Since 1996, Johnson, an African-American male, has worked as a production associate building fiberglass automotive replacement parts for Cambridge Industries, now owned by Meridian. Johnson has been an outstanding employee with an excellent history of performance evaluations and a company-wide reputation for high quality work. This generally favorable assessment of Johnson is tarnished only by a single write-up, which was mistakenly given to Johnson on two separate occasions. The write-up documents various employment-related problems on Johnson’s part over an eight-month period.
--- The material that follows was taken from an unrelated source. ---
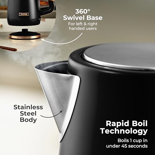 Tower Cavaletto 1.7L Kettle 3KW Rapid Boil | 360° Swivel Base | Black/Rose Gold

When Cambridge advertised an opening for two team leaders in May 1999, Johnson and white co-worker Josh Goad applied for and were elected to these positions by their colleagues. That positive event was clouded, however, by two separate racist remarks made by co-workers Ross Spring-man and Brian Durham that came to Johnson’s attention more or less contemporaneously. Specifically, when Springman was asked why he was not going to run for the team leader position, he proclaimed that there was no need to compete for that job since it was a foregone conclusion who would receive the position. Pressed by a co-worker to explain his comment, Spring-man apparently said, “Eenie, meenie, mi-nie, moe; pick a nigger by his toe,”' in reference to the fact that Johnson was a candidate for the position. (In any event, Goad reported that he overheard Spring-man’s comment to this effect.) In an unrelated incident, Durham told co-worker Travis Irvine that he did not know why Irvine would “want that one-eyed nigger over here.” The comment could only have referred to Johnson, who lost the sight in one of his eyes as a child. Neither Spring-man nor Durham was a supervisor of Johnson, and both received some form of management censure. Springman was suspended for three days (and served at least one day of his suspension), and Durham’s employment was terminated, although the record does not establish whether or not he left Cambridge voluntarily, and whether his departure was in response to his racist remark.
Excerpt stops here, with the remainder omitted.